Quick to answer questions about finding your way around Linux Mint as a new user.
Forum rules
There are no such things as "stupid" questions. However if you think your question is a bit stupid, then this is the right place for you to post it. Stick to easy to-the-point questions that you feel people can answer fast. For long and complicated questions use the other forums in the support section.
Before you post read how to get help. Topics in this forum are automatically closed 6 months after creation.
kyj

Disable OpenDNS

Post by kyj »

The Linux Mint Live Boot is INFECTED with SPYWARE known as OpenDNS. It hijacks all NXDOMAIN requests along with harvests every domain name you access, which they then resell for marketing/ads.

Im aware some of that is hyperbole. However, it DOES HIJACK AND PROFILE YOU FOR MARKETING, AND SERVES ADS.
Even the OpenDNS founder has publicly stated it should NOT be default. https://bugs.launchpad.net/linuxmint/+bug/1133777

Linux Mint seems intent on not only making it default, but also making it impossible to remove. For the love of god and all that is holy, how do you completely, permanently, forever, disable openDNS?

I remove their DNS server entries only to have them magically reappear next reboot! This is obscene, i thought linux was like, not about being infected with spyware? i know i know im old and grew up in the 80s/90s when there were things like 'choice' and 'freedom' and this isnt the 90s anymore, but surely, in a linux distro, you are still allowed to select non-spyware DNS servers?

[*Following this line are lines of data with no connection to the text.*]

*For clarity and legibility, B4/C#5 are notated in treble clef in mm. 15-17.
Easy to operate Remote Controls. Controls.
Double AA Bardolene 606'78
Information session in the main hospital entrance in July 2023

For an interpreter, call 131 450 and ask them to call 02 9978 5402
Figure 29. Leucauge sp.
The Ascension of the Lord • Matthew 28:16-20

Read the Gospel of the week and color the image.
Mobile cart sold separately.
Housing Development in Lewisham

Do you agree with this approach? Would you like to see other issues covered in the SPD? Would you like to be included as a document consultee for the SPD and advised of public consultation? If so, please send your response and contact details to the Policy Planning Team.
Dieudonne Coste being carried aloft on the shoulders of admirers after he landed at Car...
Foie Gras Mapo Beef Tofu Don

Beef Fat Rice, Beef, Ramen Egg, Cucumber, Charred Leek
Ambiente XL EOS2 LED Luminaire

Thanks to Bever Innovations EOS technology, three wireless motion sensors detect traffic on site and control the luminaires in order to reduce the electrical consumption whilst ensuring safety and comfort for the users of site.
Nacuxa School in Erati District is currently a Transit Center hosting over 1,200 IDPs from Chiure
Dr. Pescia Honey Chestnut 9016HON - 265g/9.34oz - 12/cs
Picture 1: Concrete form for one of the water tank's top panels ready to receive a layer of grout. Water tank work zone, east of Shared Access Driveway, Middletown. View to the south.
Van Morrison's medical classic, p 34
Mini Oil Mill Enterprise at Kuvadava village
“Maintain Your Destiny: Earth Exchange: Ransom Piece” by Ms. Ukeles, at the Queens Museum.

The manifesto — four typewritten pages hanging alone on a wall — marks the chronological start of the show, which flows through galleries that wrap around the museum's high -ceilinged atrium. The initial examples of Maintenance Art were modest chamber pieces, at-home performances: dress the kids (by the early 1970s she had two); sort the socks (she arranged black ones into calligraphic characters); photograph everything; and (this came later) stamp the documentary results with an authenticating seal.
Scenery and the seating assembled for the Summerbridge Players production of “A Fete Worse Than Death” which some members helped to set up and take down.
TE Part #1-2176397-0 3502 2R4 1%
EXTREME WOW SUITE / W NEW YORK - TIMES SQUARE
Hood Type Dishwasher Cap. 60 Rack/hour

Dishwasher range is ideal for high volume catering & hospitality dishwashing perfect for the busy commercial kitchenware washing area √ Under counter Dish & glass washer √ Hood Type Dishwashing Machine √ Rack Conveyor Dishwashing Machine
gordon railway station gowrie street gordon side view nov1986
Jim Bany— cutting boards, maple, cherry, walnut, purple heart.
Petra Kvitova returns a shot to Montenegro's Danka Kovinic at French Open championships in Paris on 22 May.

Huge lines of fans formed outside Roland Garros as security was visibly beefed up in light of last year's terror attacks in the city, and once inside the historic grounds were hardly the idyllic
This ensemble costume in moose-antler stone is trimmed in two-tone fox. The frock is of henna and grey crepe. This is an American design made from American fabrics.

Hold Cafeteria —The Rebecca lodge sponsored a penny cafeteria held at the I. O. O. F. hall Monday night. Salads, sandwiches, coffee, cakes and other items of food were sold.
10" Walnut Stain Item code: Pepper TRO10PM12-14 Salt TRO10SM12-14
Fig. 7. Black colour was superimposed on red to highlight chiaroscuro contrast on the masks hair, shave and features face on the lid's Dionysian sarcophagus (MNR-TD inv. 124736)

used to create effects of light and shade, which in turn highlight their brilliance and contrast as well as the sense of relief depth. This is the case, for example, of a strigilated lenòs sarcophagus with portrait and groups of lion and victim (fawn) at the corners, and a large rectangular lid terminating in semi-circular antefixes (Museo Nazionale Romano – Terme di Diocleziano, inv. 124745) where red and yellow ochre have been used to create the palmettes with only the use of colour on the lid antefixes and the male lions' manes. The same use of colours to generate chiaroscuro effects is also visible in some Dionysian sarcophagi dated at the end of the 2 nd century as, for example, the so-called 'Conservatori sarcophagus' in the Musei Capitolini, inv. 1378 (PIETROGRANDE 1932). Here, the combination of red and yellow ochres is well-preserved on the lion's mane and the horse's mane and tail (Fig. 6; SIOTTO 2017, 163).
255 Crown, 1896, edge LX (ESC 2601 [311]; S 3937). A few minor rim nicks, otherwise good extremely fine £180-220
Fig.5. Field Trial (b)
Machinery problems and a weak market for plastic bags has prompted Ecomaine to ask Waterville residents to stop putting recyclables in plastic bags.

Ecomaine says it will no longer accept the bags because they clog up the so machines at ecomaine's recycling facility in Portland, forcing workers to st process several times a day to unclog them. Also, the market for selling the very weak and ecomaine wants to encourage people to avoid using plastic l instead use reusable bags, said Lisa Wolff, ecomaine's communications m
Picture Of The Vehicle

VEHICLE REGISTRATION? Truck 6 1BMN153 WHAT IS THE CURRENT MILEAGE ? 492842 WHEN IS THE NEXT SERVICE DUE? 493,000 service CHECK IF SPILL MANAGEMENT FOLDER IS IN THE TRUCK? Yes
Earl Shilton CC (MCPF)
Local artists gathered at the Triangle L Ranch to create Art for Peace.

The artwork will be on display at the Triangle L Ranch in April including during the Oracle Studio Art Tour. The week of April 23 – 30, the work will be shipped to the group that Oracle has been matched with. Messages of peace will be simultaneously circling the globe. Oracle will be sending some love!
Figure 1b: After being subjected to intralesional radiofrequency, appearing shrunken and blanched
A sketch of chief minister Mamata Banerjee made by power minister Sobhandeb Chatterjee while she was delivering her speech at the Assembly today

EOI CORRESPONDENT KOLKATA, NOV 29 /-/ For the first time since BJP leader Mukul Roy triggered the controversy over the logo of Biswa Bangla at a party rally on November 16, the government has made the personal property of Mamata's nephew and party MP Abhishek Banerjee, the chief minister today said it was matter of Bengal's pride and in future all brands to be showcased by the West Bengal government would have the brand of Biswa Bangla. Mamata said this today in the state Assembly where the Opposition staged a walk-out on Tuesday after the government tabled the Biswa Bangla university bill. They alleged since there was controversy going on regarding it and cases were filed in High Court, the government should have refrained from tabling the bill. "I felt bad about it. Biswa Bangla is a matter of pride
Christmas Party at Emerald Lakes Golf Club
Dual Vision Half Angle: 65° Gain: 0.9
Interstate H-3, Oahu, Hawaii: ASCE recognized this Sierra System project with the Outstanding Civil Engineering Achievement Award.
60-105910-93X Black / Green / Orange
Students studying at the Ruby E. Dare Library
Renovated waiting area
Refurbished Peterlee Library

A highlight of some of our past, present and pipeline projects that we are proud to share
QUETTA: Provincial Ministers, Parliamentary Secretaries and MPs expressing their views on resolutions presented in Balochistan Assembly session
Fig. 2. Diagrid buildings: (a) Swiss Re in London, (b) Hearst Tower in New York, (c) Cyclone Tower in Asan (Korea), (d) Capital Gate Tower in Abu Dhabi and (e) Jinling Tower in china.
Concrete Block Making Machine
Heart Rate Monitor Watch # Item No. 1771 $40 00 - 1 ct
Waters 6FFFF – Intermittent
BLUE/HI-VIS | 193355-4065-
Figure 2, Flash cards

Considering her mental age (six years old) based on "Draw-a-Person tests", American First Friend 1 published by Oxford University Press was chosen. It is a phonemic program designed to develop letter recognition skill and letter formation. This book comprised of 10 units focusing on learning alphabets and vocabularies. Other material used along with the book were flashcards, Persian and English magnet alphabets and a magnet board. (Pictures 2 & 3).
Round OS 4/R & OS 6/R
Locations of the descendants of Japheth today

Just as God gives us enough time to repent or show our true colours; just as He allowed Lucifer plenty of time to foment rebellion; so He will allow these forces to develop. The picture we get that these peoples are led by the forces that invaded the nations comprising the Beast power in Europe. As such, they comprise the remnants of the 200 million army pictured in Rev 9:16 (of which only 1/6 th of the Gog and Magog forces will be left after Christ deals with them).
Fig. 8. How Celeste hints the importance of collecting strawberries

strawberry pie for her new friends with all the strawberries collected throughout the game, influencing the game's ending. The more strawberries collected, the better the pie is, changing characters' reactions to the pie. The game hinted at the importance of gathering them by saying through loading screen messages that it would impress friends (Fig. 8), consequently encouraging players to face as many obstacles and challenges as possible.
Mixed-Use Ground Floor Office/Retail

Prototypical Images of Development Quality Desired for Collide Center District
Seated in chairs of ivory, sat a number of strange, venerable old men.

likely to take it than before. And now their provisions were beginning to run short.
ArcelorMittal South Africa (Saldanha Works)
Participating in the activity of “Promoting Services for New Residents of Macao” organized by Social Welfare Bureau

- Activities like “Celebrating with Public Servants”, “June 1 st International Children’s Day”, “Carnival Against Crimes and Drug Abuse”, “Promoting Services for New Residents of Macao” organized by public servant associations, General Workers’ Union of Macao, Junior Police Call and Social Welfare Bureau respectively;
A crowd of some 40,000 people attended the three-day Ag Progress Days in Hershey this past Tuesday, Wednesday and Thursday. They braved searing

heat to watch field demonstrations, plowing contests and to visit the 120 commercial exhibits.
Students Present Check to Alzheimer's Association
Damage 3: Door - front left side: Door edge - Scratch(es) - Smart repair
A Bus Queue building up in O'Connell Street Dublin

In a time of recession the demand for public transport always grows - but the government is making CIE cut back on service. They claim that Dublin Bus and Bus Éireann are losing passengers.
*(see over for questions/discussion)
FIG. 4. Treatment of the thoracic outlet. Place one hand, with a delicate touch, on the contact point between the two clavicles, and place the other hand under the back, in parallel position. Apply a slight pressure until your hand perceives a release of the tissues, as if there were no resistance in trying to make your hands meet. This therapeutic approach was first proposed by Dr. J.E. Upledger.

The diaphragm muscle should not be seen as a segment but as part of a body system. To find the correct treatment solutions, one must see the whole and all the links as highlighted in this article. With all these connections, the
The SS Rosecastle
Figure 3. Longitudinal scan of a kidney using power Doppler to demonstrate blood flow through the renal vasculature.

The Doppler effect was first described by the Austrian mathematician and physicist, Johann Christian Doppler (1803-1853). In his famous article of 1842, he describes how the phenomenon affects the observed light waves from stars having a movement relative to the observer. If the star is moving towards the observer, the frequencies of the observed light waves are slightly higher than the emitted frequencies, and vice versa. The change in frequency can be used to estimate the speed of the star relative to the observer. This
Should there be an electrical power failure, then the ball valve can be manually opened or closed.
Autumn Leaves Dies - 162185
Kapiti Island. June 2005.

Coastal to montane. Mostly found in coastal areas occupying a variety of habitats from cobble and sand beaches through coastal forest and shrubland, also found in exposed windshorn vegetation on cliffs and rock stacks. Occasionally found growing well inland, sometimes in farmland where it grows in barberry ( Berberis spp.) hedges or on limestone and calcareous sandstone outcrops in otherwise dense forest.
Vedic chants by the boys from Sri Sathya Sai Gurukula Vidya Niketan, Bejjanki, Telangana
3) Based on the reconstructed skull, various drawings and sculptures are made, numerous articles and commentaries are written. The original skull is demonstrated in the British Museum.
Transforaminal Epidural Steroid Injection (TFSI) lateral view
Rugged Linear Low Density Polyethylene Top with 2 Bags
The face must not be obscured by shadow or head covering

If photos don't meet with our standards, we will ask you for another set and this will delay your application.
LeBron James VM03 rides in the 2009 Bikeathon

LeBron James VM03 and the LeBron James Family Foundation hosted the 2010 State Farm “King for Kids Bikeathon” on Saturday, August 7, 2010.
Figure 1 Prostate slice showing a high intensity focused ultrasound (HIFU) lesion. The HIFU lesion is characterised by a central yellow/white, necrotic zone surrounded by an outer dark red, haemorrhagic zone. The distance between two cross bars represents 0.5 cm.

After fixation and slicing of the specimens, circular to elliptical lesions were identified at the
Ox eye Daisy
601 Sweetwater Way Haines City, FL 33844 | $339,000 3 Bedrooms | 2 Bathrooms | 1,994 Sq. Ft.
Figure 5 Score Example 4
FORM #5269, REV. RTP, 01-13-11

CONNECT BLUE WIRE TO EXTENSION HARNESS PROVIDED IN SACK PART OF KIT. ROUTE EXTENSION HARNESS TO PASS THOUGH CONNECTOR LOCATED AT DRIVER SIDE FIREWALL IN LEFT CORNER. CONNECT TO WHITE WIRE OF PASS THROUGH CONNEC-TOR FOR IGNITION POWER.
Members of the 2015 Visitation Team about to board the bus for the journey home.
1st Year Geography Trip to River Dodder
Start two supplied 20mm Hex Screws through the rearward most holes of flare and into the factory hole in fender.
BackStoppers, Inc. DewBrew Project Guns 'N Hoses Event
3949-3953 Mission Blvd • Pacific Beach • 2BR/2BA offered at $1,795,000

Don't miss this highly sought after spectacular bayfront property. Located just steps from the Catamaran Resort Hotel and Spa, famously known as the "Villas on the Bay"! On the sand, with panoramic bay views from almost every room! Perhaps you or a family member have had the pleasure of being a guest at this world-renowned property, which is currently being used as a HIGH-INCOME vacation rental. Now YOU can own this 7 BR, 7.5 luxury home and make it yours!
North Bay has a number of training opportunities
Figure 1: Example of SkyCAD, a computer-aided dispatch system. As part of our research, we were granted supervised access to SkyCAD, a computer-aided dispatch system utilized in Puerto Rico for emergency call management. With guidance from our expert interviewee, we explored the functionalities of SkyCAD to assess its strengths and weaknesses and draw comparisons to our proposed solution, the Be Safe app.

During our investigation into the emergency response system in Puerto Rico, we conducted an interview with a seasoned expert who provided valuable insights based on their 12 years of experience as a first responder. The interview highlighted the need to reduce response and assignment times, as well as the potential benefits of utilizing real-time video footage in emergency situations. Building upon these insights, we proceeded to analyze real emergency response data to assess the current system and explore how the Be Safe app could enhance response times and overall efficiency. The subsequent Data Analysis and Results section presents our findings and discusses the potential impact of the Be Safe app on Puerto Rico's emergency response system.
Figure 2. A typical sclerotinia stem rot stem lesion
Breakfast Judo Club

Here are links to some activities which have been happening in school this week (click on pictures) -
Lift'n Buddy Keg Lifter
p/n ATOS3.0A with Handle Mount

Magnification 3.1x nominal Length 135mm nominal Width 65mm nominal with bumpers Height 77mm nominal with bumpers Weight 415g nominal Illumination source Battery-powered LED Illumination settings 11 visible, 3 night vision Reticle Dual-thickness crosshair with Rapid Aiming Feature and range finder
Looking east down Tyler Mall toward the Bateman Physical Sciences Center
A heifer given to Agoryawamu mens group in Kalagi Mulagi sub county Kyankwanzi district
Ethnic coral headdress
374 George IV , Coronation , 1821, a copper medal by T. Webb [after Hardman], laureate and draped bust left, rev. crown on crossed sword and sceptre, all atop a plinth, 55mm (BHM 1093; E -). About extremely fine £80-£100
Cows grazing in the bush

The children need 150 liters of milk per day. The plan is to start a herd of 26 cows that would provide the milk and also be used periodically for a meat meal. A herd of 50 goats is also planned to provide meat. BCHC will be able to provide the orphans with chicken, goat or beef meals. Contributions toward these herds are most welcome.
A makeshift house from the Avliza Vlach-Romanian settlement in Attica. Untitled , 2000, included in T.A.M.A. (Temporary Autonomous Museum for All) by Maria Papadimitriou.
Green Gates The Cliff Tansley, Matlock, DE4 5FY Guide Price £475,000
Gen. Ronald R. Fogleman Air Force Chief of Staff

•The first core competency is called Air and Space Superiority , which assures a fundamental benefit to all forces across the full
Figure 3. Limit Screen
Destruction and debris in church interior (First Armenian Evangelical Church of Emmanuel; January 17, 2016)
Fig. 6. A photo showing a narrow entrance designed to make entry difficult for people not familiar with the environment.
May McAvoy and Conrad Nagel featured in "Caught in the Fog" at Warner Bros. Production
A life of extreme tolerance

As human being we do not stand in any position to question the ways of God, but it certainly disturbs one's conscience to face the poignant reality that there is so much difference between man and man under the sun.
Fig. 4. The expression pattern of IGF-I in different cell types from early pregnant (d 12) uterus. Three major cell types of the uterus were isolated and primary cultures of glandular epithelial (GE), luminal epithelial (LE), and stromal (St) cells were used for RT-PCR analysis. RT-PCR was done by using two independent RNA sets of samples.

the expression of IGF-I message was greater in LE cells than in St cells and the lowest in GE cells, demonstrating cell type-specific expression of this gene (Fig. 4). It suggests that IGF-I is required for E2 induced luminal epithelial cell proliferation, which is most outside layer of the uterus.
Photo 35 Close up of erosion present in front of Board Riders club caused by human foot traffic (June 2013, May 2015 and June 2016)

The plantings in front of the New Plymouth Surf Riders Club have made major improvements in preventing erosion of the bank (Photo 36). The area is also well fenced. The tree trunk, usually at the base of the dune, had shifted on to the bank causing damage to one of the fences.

Ive tried uninstalling Dnsmasq and numerous other things, but these OpenDNS servers keep re-inserting themselves into my dns server list!
User avatar
xenopeek
Level 25
Level 25
Posts: 29459
Joined: Wed Jul 06, 2011 3:58 am

Re: Disable OpenDNS

Post by xenopeek »

OpenDNS is not enabled or used on Linux Mint unless no other DNS could be found or reached. It is used as fallback, and nothing more. It is only done to ensure you can use the Internet in those cases where for some reason your DNS can not be found or reached. An example of that would be if you run Linux Mint on a virtual machine, and you have not configured the virtual machine's network correctly.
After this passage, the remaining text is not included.